**EXERCISE BRIEF:**
The reply should contain all the data below, repeated exactly, and none of the images.

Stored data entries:
++++++++
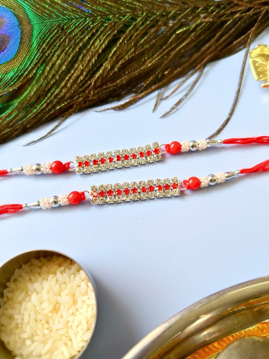 Traditional Meenakari Kundan Rakhi with Roli Chawal for Brother - Red (Pack of 2)
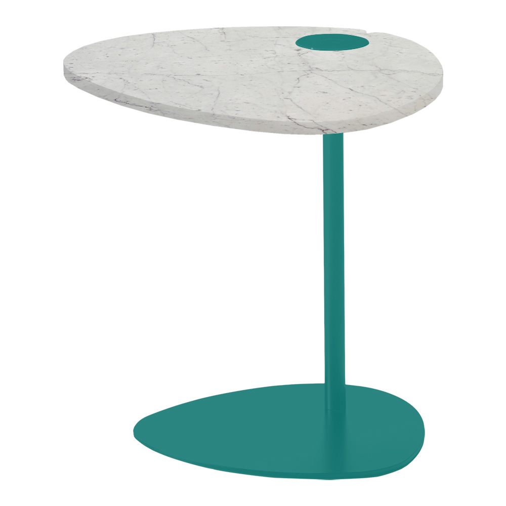 Wspornikowy stolik kawowy do designerskiego salonu z marmurowym blatem, wysokiej jakości wyprodukowany we Włoszech.
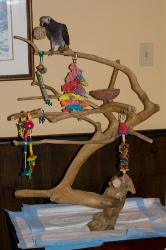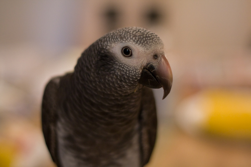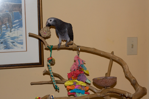 Hello again everyone. I've got a little update on Darwin here and I'll try not to make it too long! I know I tend to get mushy and say that I love her so much and I can't imagine life without her, but honestly - I have never loved a pet this much and have never felt such a connection to an animal. I adore all my pets but Darwin is more like a child to me and I would do anything for her. Anyway, on to the update! She is almost 10 months old now and I can't believe how time has flown. She is growing up into a very sweet, loving and intelligent Timneh and get more independent and confident each day. Since I've been bringing her to work and she's gotten lots of attention from many, many different bird-lovers, she is an absolute socialite and loves meeting new people. My boss has taught her to shake hands before stepping up onto someone and she does this every time - it's very funny. She can now say "HI! How are you?", "Hello Darwin" and "Wookywooky". She can also make a duck's quack and a monkey noise, usually on cue. She mimics the phone and microwave beeps among many other sound effects - she seems to enjoy making up whistles and mimicking sounds more than saying words! She'll step up onto anyone but loves my Mom and me the best. We're the only ones who can pet her, and I can touch her anywhere without so much as a peep. She loves head scratches and foraging and banging bells. She seems happy and is healthy - always making noises, swinging upside down, and her favourite thing about the morning is getting her veggies! She also comes into the shower daily and lets me drench her whenever I want (usually 3x/week). She also adores taking baths on the kitchen table in a baking dish, and I have a video of this - it's hilarious - and will try to share it soon! Anyway, I'll stop talking now and will get on with the photos!
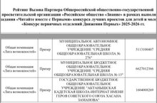 Рейтинг Вызова Партнера Общероссийской общественно-государственной просветительской организации "Российское общество Знание" на сегодняшний день. Первичное отделение «Движения Первых» ГБОУ «АКШИ» — призёры! Молодцы! Так держать!
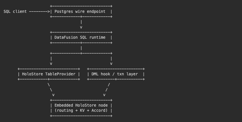 I told Codex to build a distributed SQL engine on top of HoloStore using the Ballista Distributed Query Engine that uses Apache DataFusion and we added Postgres protocol support using DataFusion-Postgres.
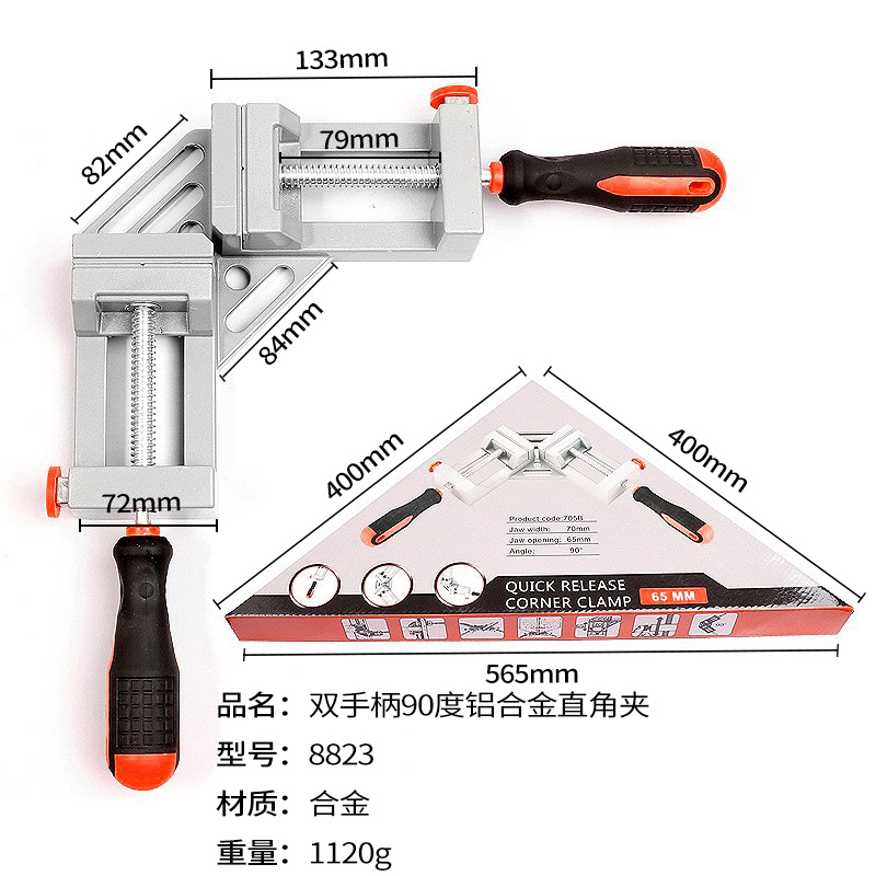 제조업체 특가 단일/이중 핸들 90도 직각 클램프 알루미늄 평면 유리 공구 클램프 목공 클램프
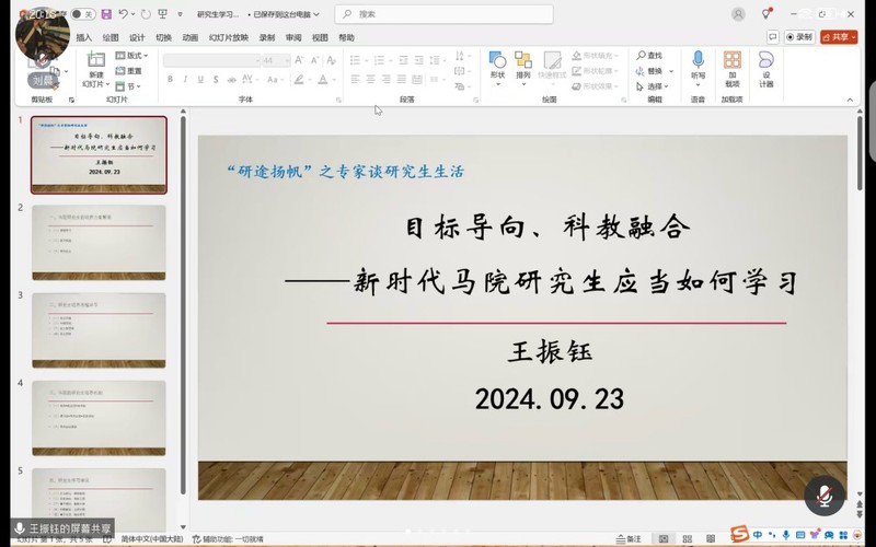 2024年9月23日19时30分,tyc122cc太阳成集团“研途扬帆”系列教育活动第三期:“专家谈研究生生活”以腾讯会议形式成功举办。本次学术讲座由tyc122cc太阳成集团院长唐兴军、副院长王振钰教授,武汉理工大学博士研究生曾佳敏和tyc122cc太阳成集团研究生党支部学生副书记南江震同学担任主讲人,本次活动由tyc122cc太阳成集团24级研究生班班主任王世泰博士主持。
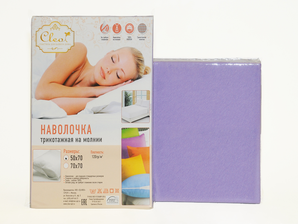 Наволочки трикотажные на молнии Cleo 50х70 см 2 шт (сиреневые)
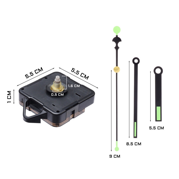 Часовой механизм «Соломон-48», плавный ход, шток 16 мм, стрелки 55/85/90 мм, светящиеся
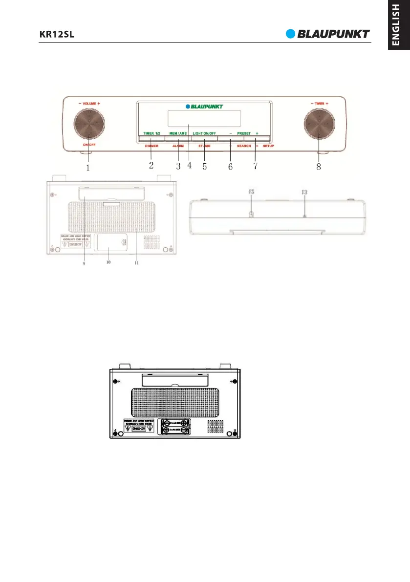 6-Preset-/search –;7- Preset +/search +/setup;8-Timer;9-Foldable stand;10-Battery compartment;11- Speaker
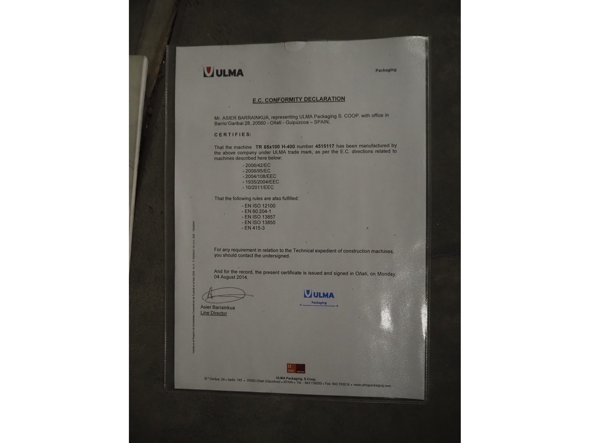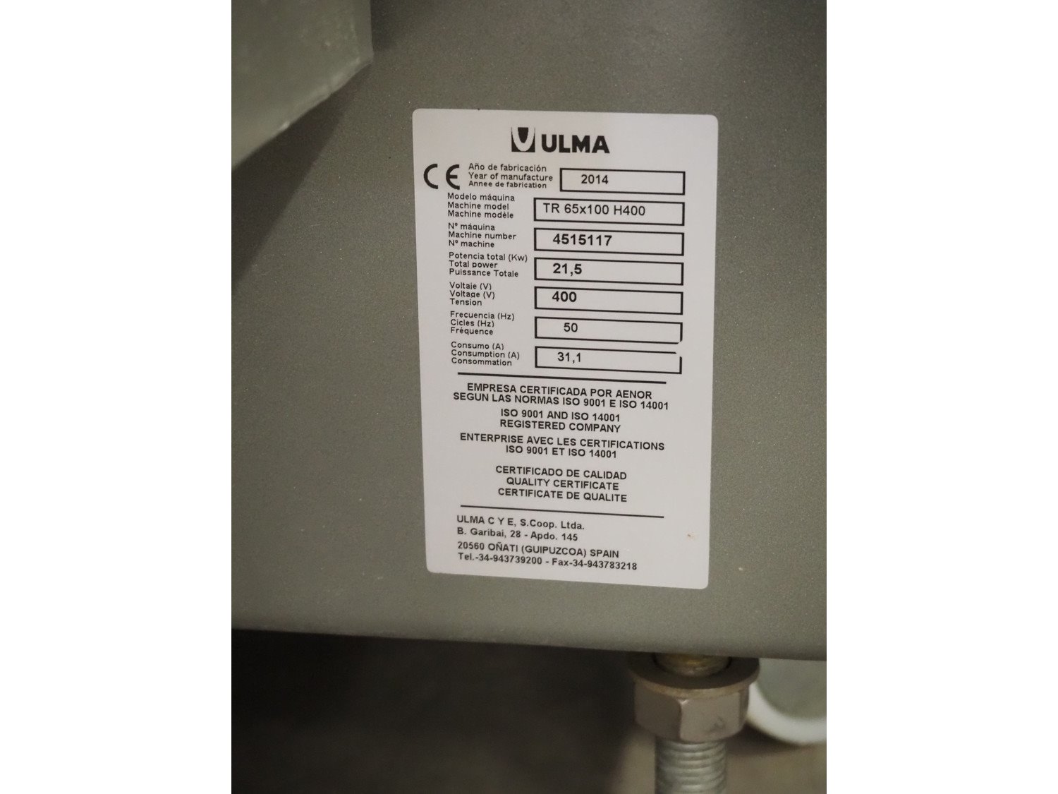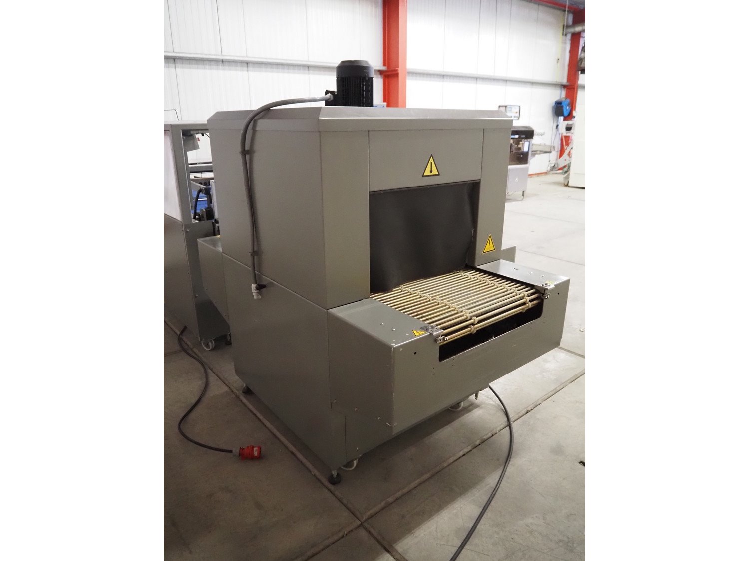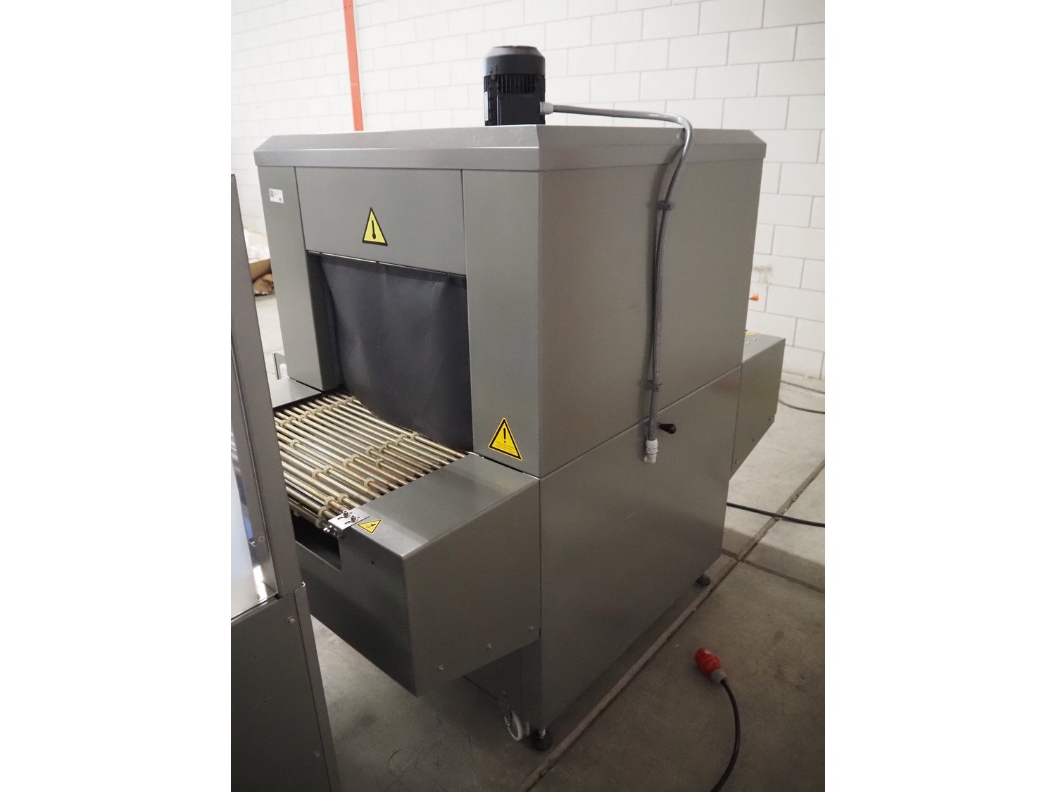 Ulma mobile shrink tunnel, model: TR 65x100 H400, machine number: 4515117, year of construction: 2014, 400 V, 50 Hz, 31.1 A, 21.5 kW, steel belt, belt width: 645 mm, clearance: 640 mm x 430 mm, total dimensions: 1800 mm x 1400 mm x 1800 mm. Kavel locatie: Bedrijfsweg 7, 8304 AA Emmeloord, Nederland
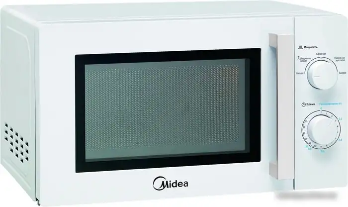 Микроволновая печь Midea MM720CY6-W имеет объем 20 литров и подходит для быстрого разогрева и приготовления пищи. Она работает с мощностью 700 Вт и обладает пятью уровнями мощности, что дает возможность регулировать тепло в зависимости от блюда. Дверца распашного типа с ручкой удобна в использовании. Внутренние стенки покрыты эмалью, что облегчает их чистку. Управление механическое, без лампочек или дисплеев, так что управлять очень просто. Есть поворотный стол, который помогает равномерно нагревать еду. Она занимает мало места благодаря компактным габаритам и весит всего 10 кг.
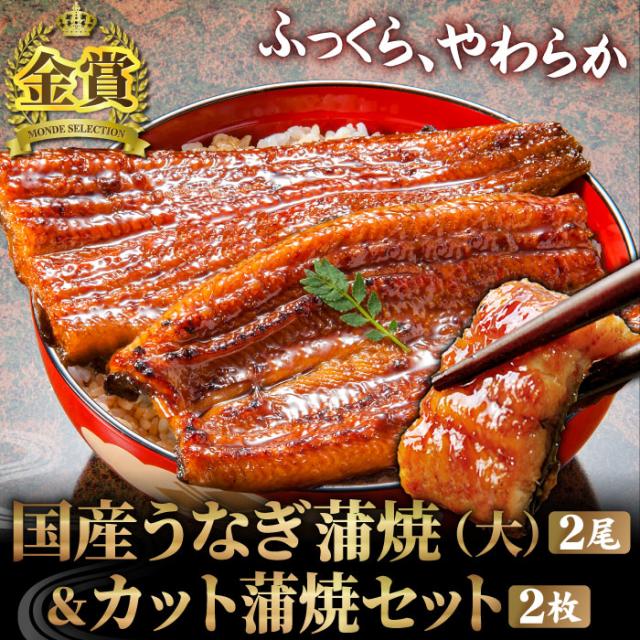 国産うなぎ 長蒲焼(大)2尾&カット蒲焼2枚セット 3〜6人前 お歳暮 プレゼント ギフト うなぎ 蒲焼き 国産 お祝い 贈り物 内祝い 送料無料
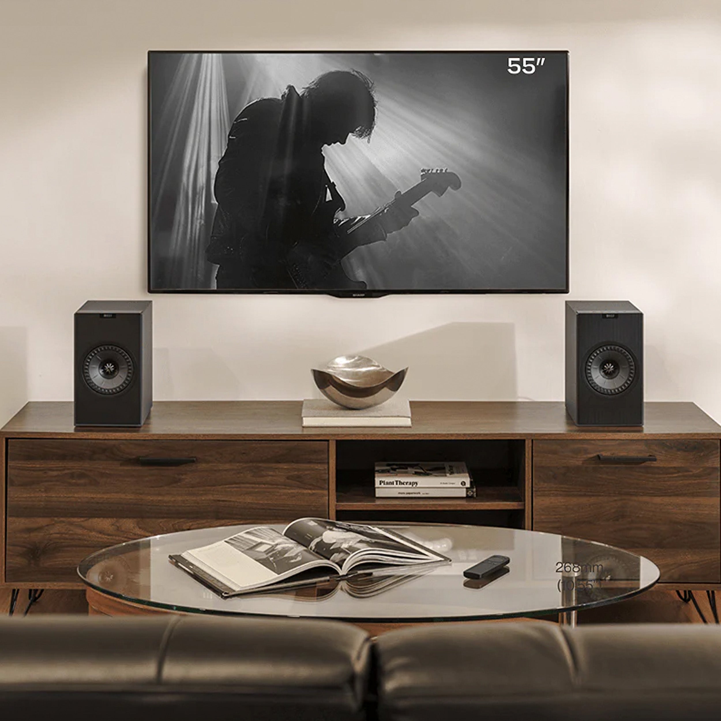 De diskrete topknapper giver nem adgang til de vigtigste funktioner, mens KEF Connect appen åbner op for fuld kontrol over lydindstillinger, kildevalg og opdateringer – direkte fra din telefon. Du kan desuden vælge mellem forskellige EQ-profiler, så lyden altid passer til din smag og dit rum.
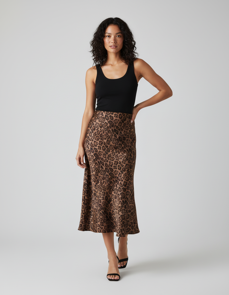 Élégance Réinventée : La Jupe Léopard Fluide Midi
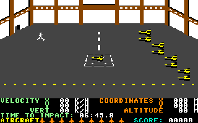 La première chose que vous verrez est le lancement d’un missile ; le jeu vous emmène ensuite dans votre hangar, d’où vous devez rapidement lancer autant de vaisseaux que possible, une tâche rendue difficile par la gravité limitée. Vous devez ensuite le piloter dans l’espace aérien soviétique dans une section de tir en vue latérale, où le fait de rester bas vous met à l’abri des radars, et où des réactions rapides vous permettent d’abattre les chasseurs ennemis et d’éviter les arbres.
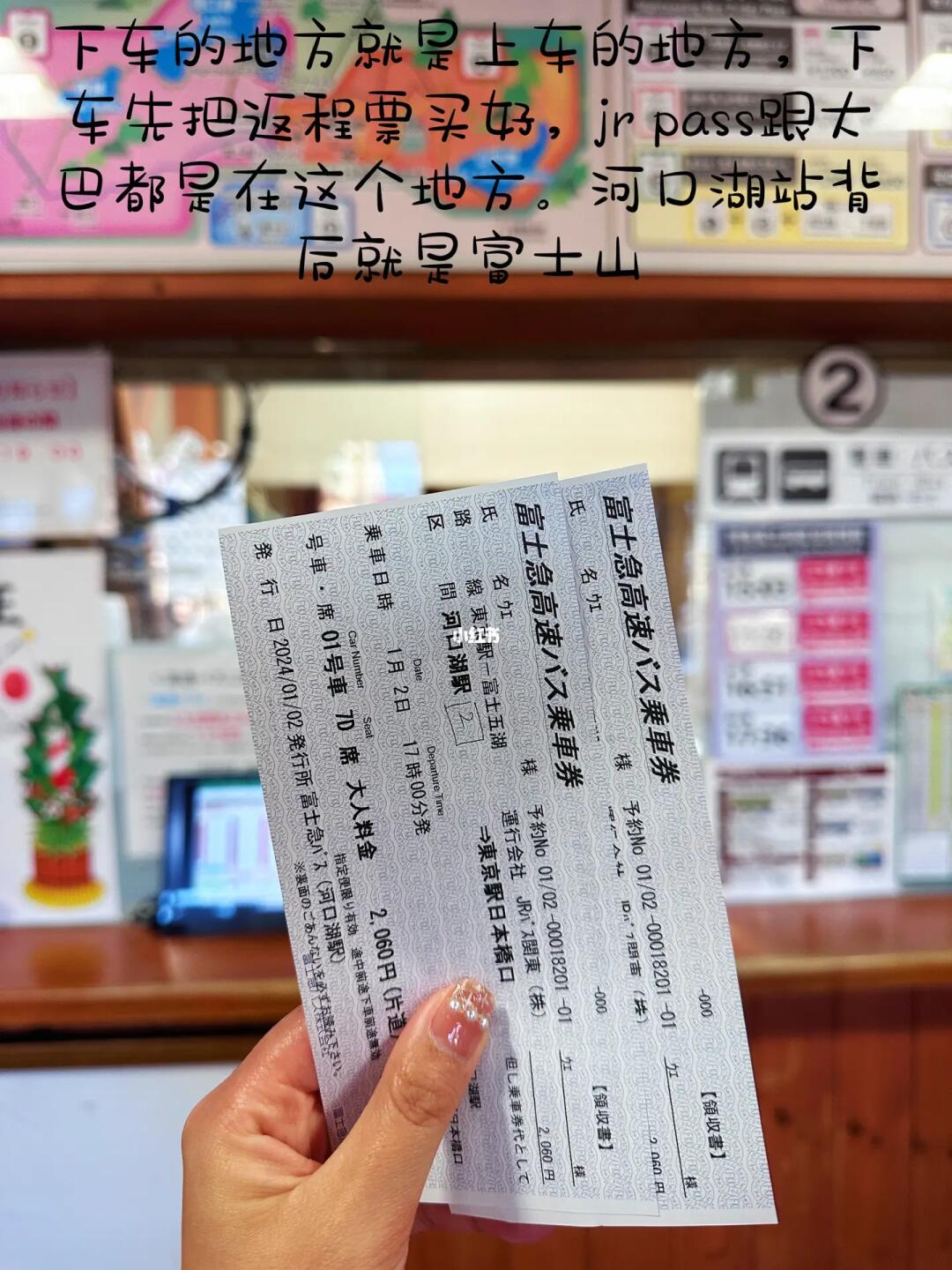 去程做的jr pass大约2h,到了下车可以先买返程票,大巴、JR都在这个地方买票。回程买不到新宿,可以买河口湖——东京站,巴士站点多。
++++++++
**WRITTEN REPLY:**
 Traditional Meenakari Kundan Rakhi with Roli Chawal for Brother - Red (Pack of 2)
 Wspornikowy stolik kawowy do designerskiego salonu z marmurowym blatem, wysokiej jakości wyprodukowany we Włoszech.
 Hello again everyone. I've got a little update on Darwin here and I'll try not to make it too long! I know I tend to get mushy and say that I love her so much and I can't imagine life without her, but honestly - I have never loved a pet this much and have never felt such a connection to an animal. I adore all my pets but Darwin is more like a child to me and I would do anything for her. Anyway, on to the update! She is almost 10 months old now and I can't believe how time has flown. She is growing up into a very sweet, loving and intelligent Timneh and get more independent and confident each day. Since I've been bringing her to work and she's gotten lots of attention from many, many different bird-lovers, she is an absolute socialite and loves meeting new people. My boss has taught her to shake hands before stepping up onto someone and she does this every time - it's very funny. She can now say "HI! How are you?", "Hello Darwin" and "Wookywooky". She can also make a duck's quack and a monkey noise, usually on cue. She mimics the phone and microwave beeps among many other sound effects - she seems to enjoy making up whistles and mimicking sounds more than saying words! She'll step up onto anyone but loves my Mom and me the best. We're the only ones who can pet her, and I can touch her anywhere without so much as a peep. She loves head scratches and foraging and banging bells. She seems happy and is healthy - always making noises, swinging upside down, and her favourite thing about the morning is getting her veggies! She also comes into the shower daily and lets me drench her whenever I want (usually 3x/week). She also adores taking baths on the kitchen table in a baking dish, and I have a video of this - it's hilarious - and will try to share it soon! Anyway, I'll stop talking now and will get on with the photos!
 Рейтинг Вызова Партнера Общероссийской общественно-государственной просветительской организации "Российское общество Знание" на сегодняшний день. Первичное отделение «Движения Первых» ГБОУ «АКШИ» — призёры! Молодцы! Так держать!
 I told Codex to build a distributed SQL engine on top of HoloStore using the Ballista Distributed Query Engine that uses Apache DataFusion and we added Postgres protocol support using DataFusion-Postgres.
 제조업체 특가 단일/이중 핸들 90도 직각 클램프 알루미늄 평면 유리 공구 클램프 목공 클램프
 2024年9月23日19时30分,tyc122cc太阳成集团“研途扬帆”系列教育活动第三期:“专家谈研究生生活”以腾讯会议形式成功举办。本次学术讲座由tyc122cc太阳成集团院长唐兴军、副院长王振钰教授,武汉理工大学博士研究生曾佳敏和tyc122cc太阳成集团研究生党支部学生副书记南江震同学担任主讲人,本次活动由tyc122cc太阳成集团24级研究生班班主任王世泰博士主持。
 Наволочки трикотажные на молнии Cleo 50х70 см 2 шт (сиреневые)
 Часовой механизм «Соломон-48», плавный ход, шток 16 мм, стрелки 55/85/90 мм, светящиеся
 6-Preset-/search –;7- Preset +/search +/setup;8-Timer;9-Foldable stand;10-Battery compartment;11- Speaker
 Ulma mobile shrink tunnel, model: TR 65x100 H400, machine number: 4515117, year of construction: 2014, 400 V, 50 Hz, 31.1 A, 21.5 kW, steel belt, belt width: 645 mm, clearance: 640 mm x 430 mm, total dimensions: 1800 mm x 1400 mm x 1800 mm. Kavel locatie: Bedrijfsweg 7, 8304 AA Emmeloord, Nederland
 Микроволновая печь Midea MM720CY6-W имеет объем 20 литров и подходит для быстрого разогрева и приготовления пищи. Она работает с мощностью 700 Вт и обладает пятью уровнями мощности, что дает возможность регулировать тепло в зависимости от блюда. Дверца распашного типа с ручкой удобна в использовании. Внутренние стенки покрыты эмалью, что облегчает их чистку. Управление механическое, без лампочек или дисплеев, так что управлять очень просто. Есть поворотный стол, который помогает равномерно нагревать еду. Она занимает мало места благодаря компактным габаритам и весит всего 10 кг.
 国産うなぎ 長蒲焼(大)2尾&カット蒲焼2枚セット 3〜6人前 お歳暮 プレゼント ギフト うなぎ 蒲焼き 国産 お祝い 贈り物 内祝い 送料無料
 De diskrete topknapper giver nem adgang til de vigtigste funktioner, mens KEF Connect appen åbner op for fuld kontrol over lydindstillinger, kildevalg og opdateringer – direkte fra din telefon. Du kan desuden vælge mellem forskellige EQ-profiler, så lyden altid passer til din smag og dit rum.
 Élégance Réinventée : La Jupe Léopard Fluide Midi
 La première chose que vous verrez est le lancement d’un missile ; le jeu vous emmène ensuite dans votre hangar, d’où vous devez rapidement lancer autant de vaisseaux que possible, une tâche rendue difficile par la gravité limitée. Vous devez ensuite le piloter dans l’espace aérien soviétique dans une section de tir en vue latérale, où le fait de rester bas vous met à l’abri des radars, et où des réactions rapides vous permettent d’abattre les chasseurs ennemis et d’éviter les arbres.
 去程做的jr pass大约2h,到了下车可以先买返程票,大巴、JR都在这个地方买票。回程买不到新宿,可以买河口湖——东京站,巴士站点多。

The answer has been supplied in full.